The initial results were promising: with partition_workers=10 (the baseline), the Phase 12 implementation achieved 37.1 seconds per proof, a ~2.4% improvement over the Phase 11 baseline of 38.0 seconds. But when the engineer tried to increase synthesis parallelism — first to pw=15, then to pw=12 — the system crashed with out-of-memory errors. The user's observation was pointed: "It's not 400GB tho, something is leaking somewhere" ([msg 2993]). The 755 GiB machine should have been able to handle a modest increase from 10 to 12 concurrent partition syntheses, each consuming roughly 13 GiB. The ~26 GiB delta shouldn't have been fatal.

The Message: Counting Deallocs

Message 3000 begins with the assistant examining the async deallocation timings from the C++ side, which it had just retrieved in the previous message ([msg 2999]):

Those are the C++ side dealloc timings. But there are TWO async dealloc paths now: one in C++ (split_vectors, tails) and one in Rust (provers, input/aux assignments). The Rust one is in finish_pending_proof and also uses a static DEALLOC_MTX. Both dealloc mutexes serialize separately, but together they could create a bottleneck where memory accumulates.

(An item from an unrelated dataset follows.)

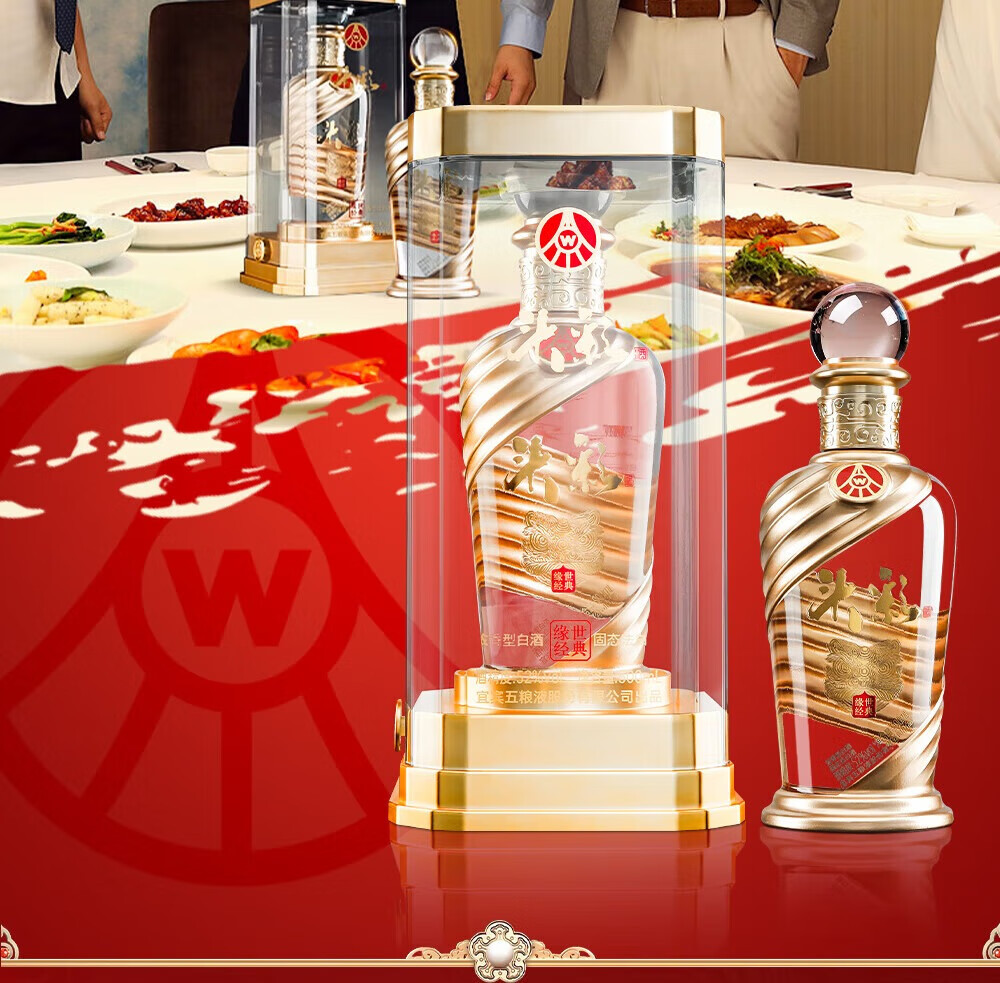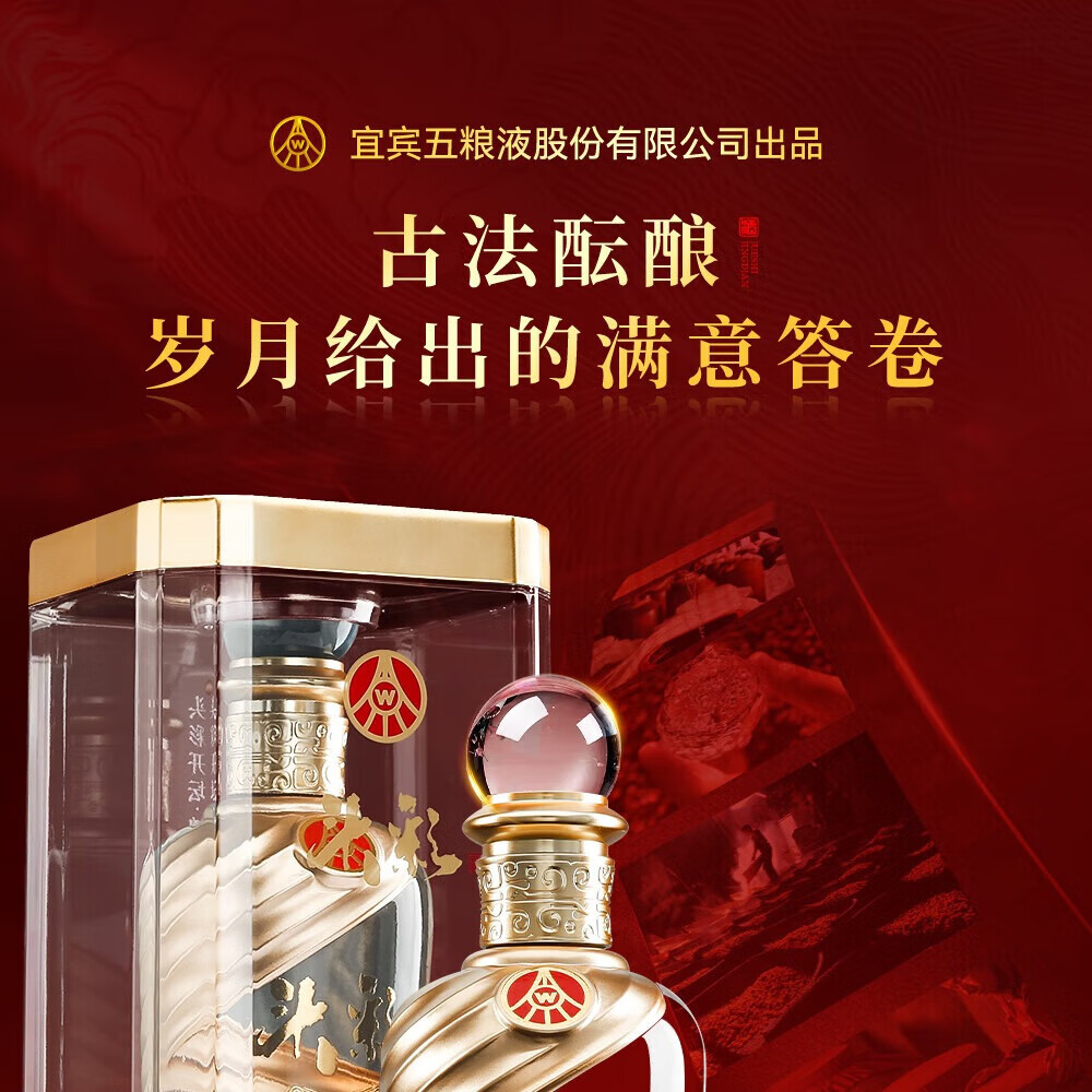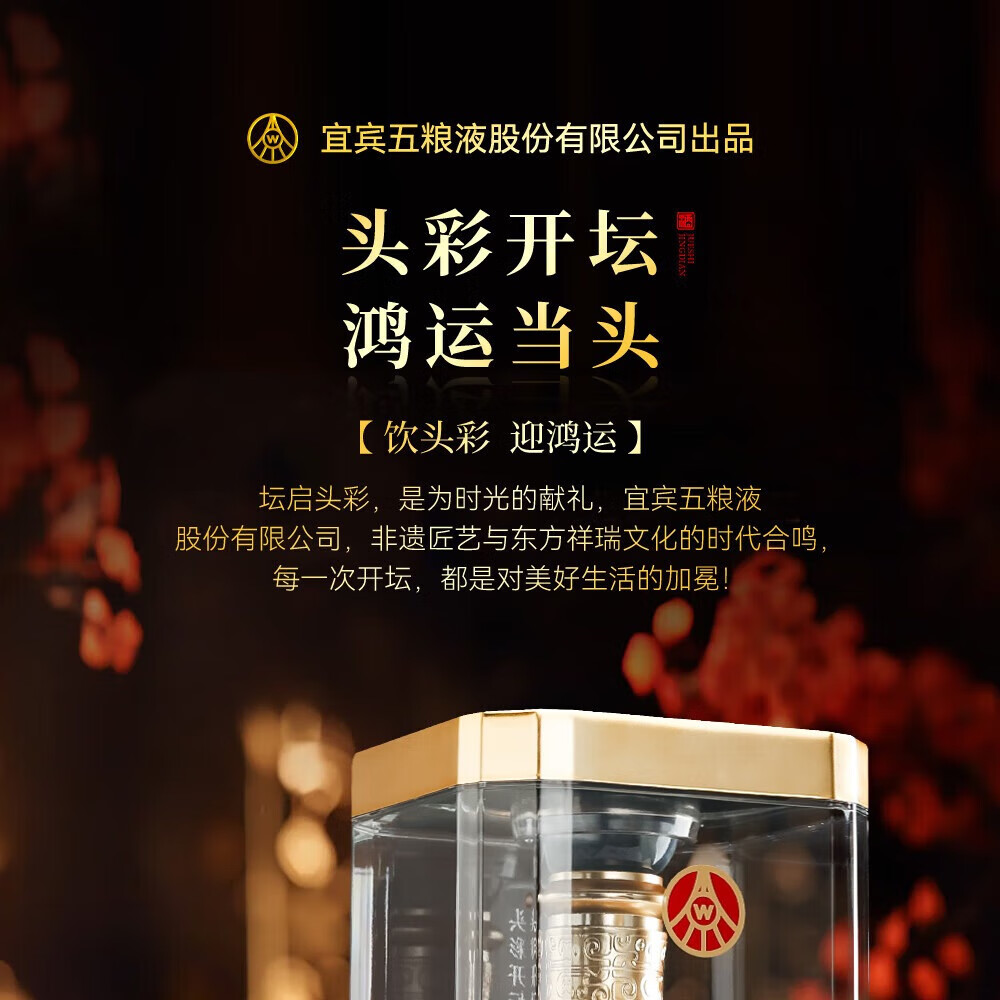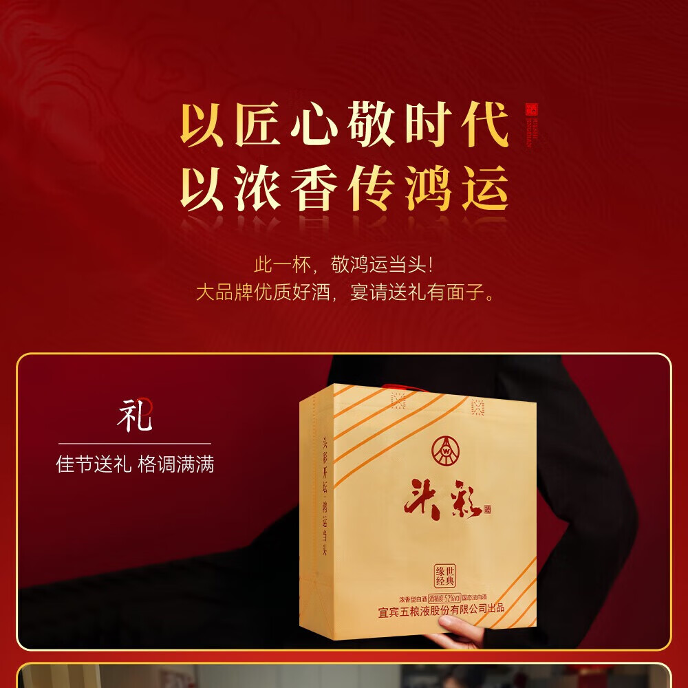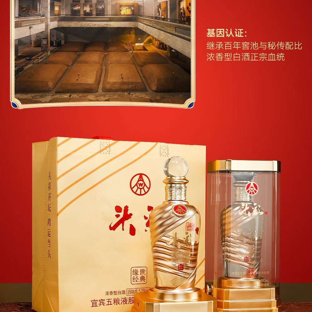 W五粮液股份出品52度高度 浓香型白酒 纯粮酿造 自饮 商务宴请 52度 500mL 2瓶 头彩2瓶送礼品袋

This is the critical realization. The engineer had been thinking about async deallocation as a single mechanism, but the split API had inadvertently created two independent async dealloc pipelines, each with its own mutex-based serialization. On the C++ side, the GPU code deallocates split_vectors and tails buffers asynchronously. On the Rust side, the finish_pending_proof function spawns a thread to deallocate the provers, input_assignments, and aux_assignments data structures, gated by a static DEALLOC_MTX. Both mutexes serialize their respective deallocation work, but they serialize separately — meaning memory could accumulate on one side while waiting for the other side's mutex to release.

The engineer then runs a simple but revealing diagnostic:

echo "C++ deallocs: $(grep -c 'async_dealloc_ms' /home/theuser/cuzk-p12.log)"; echo "GPU completions: $(grep -c 'GPU prove complete (split)' /home/theuser/cuzk-p12.log)"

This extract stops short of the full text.